The pilot pointed below, as the targeting ’Puter retracted. “Stick a fork in ’em. They’re done.”
I suppose I should have congratulated him.
Then the Scorpion shot upward toward the Tehran .
SIXTY-SIX
BY THE TIME THE TEHRAN CAME IN SIGHT of Mousetrap, so many cruisers, Scorpions, transports, and tenders drifted dispersed in space around the moonlet that Mousetrap seemed enveloped in light fog, the way Bren’s Red Moon had looked when the Slugs cordoned it off.
Howard had returned with me on the Tehran , to shepherd the stones, and we split up when we off-shipped. The first thing I did when I off-shipped was check the port registry. The Emerald River was here, but her skipper was listed as a name I didn’t know. Mimi’s name appeared nowhere among the personnel of the vast fleet. Whatever had become of Mimi’s request for transfer back to a vessel command, it hadn’t landed her at Mousetrap. My next stop was Off-Station Communications, otherwise known as the post office. I had checked Jeeb’s doghouse there and reclaimed it.
The clerk scrolled his screens. “Nothing, sir. Not under ‘General’ or ‘Mr.’ If you’ve got outgoing, I can take it in, but Mousetrap’s been on lockdown since the push started last month. Nothing in or out.”
I toted Jeeb’s container with me to the Spook Penthouse on level forty-eight, to see Howard Hibble. The MP at the tube was the same one who had been on duty my last visit. He blocked my path.
“What’s up, Corporal?”
“Restricted area, sir.”
“I’m cleared.”
He shrugged, hand on his holstered sidearm. “Not in my ’Puter. Sir.”
Howard eventually came out and vouched for me, which shouldn’t have worked, but did. Even a retired general has a certain avoirdupois.
We sat in Howard’s office.
I scowled at him. “From the armada around this place, I gather the final push is cranking up. You could have told me.”

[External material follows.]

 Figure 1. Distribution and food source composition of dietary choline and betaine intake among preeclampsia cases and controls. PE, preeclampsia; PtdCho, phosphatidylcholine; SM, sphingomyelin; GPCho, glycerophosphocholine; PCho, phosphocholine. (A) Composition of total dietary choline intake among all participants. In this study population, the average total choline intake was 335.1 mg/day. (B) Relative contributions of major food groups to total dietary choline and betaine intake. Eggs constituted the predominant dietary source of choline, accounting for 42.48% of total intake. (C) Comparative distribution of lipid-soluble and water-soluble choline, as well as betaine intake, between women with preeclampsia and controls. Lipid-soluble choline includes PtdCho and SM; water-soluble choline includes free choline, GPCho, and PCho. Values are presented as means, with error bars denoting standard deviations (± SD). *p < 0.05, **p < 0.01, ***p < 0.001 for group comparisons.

“You don’t have a clearance since this retirement business.”
I rolled my eyes. “That was just a paper game to shock the Duck. I’m going up to AOPD and unretire as soon as we’re done here. When do we jump off?”
Howard crossed his arms.
“Howard. This is me.”
He sighed. “Weaponization of the stones we brought back should take a month. The Tehran will refit in the meantime. The rest of the fleet’s been on alert for two months.”
I nodded. “Good. I can use the rest.”
Howard shrugged.
I pointed at the deck beneath us, beyond which, out in the space of the Mousetrap, the great human fleet drifted. “Howard, when that fleet leaves, I leave with it. I will see the end of this war.”

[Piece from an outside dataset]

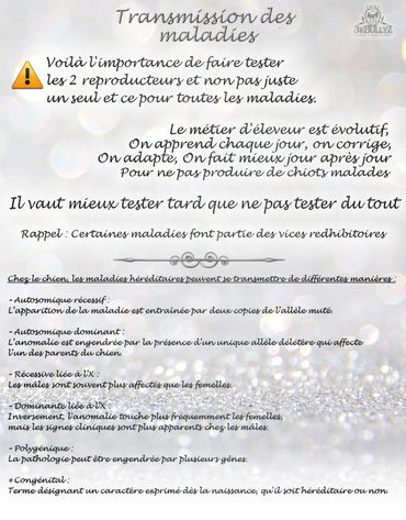 La aussi, malgré toutes les précautions prises, parce que nous travaillons avec des êtres vivants et que la nature n’a pas révélé tous ses mystères, il arrive que parfois les chiots développent certaines maladies non testable chez les parents telle que des dysplasies environnementales, des allergies diverses, des dermatites atopiques etc dont le caractère héréditaire n’a a ce jour pas été démontré.

My next stop was on level twenty-nine, where the adjutant general’s office operated a branch of the Army Officer Personnel Directorate. The branch consisted of a compartment the size of a gang shower, occupied by one overweight, overworked, pug-nosed second lieutenant who was sufficiently junior that she was saddled with all administrative matters for the post.

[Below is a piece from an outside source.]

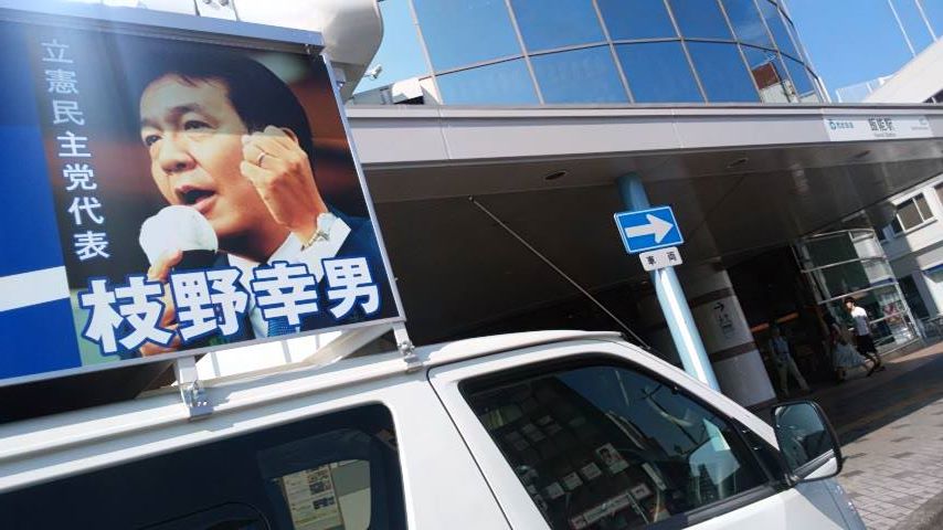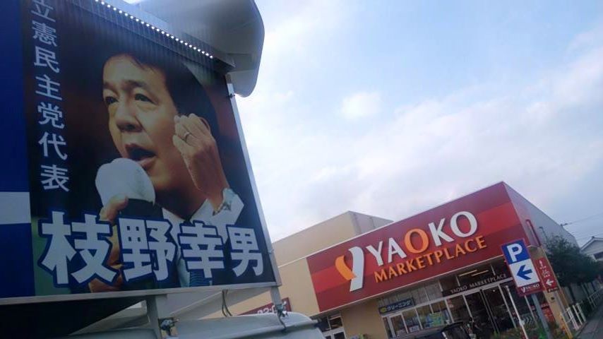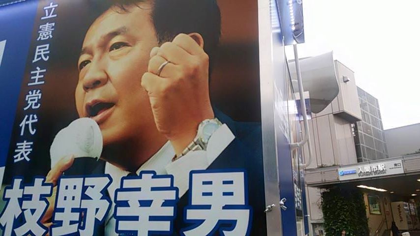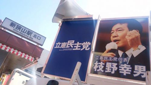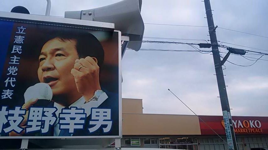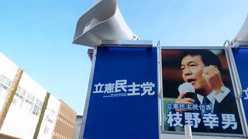 ↑「10月10日の大宮での街宣です。『排除するのではなくて、支え合う社会を。困ったときに寄り添える社会を、もう一度この国に立て直していきましょう。21世紀の新しい民主主義の形を、新しい社会の形を、しっかりと示して前に進めて行きます。右でも左でもなく、前へ。』」- 立憲民主党 on Twitter

I sat in front of her desk, leaning forward in my chair.
She ran her finger across a line on a flatscreen, then nodded. “Yes, Mr. Wander. Your paperwork came through from the Human Union Consulate on Tressel and was processed. Your initial pension check was direct deposited on the first, just before we locked down.”
“It’s General Wander. I want to unretire. It was a mistake.”
“It’s not that easy.”
“What I mean is I just needed some time off to attend to something I couldn’t accomplish as an army officer.”
She shook her head. “That’s not what your file says.”
I squirmed. “I know what I intended.”
“If you intended to abandon your post in the field during wartime, you intended to desert. Says here the judge advocate general’s office declined to prosecute only because Consul Muscovy included his sworn affidavit with your papers. The consul swore that he forced you to retire to avoid an interplanetary incident detrimental to diplomatic relations with the government of Tressen. You’re lucky you kept your pension.”
“What do I have to do to unretire?”
She cocked her head. “You’re too old to enlist again.” Then she brightened. “File a two-oh-two stroke seven. You might be reinstated at a reduced rank.”
I exhaled and closed my eyes. “Yes! Print me one.”
She shrugged again. “Sure. But it’s gotta be approved in Washington. And we’re on indefinite lockdown, so it can’t be transmitted off Mousetrap.”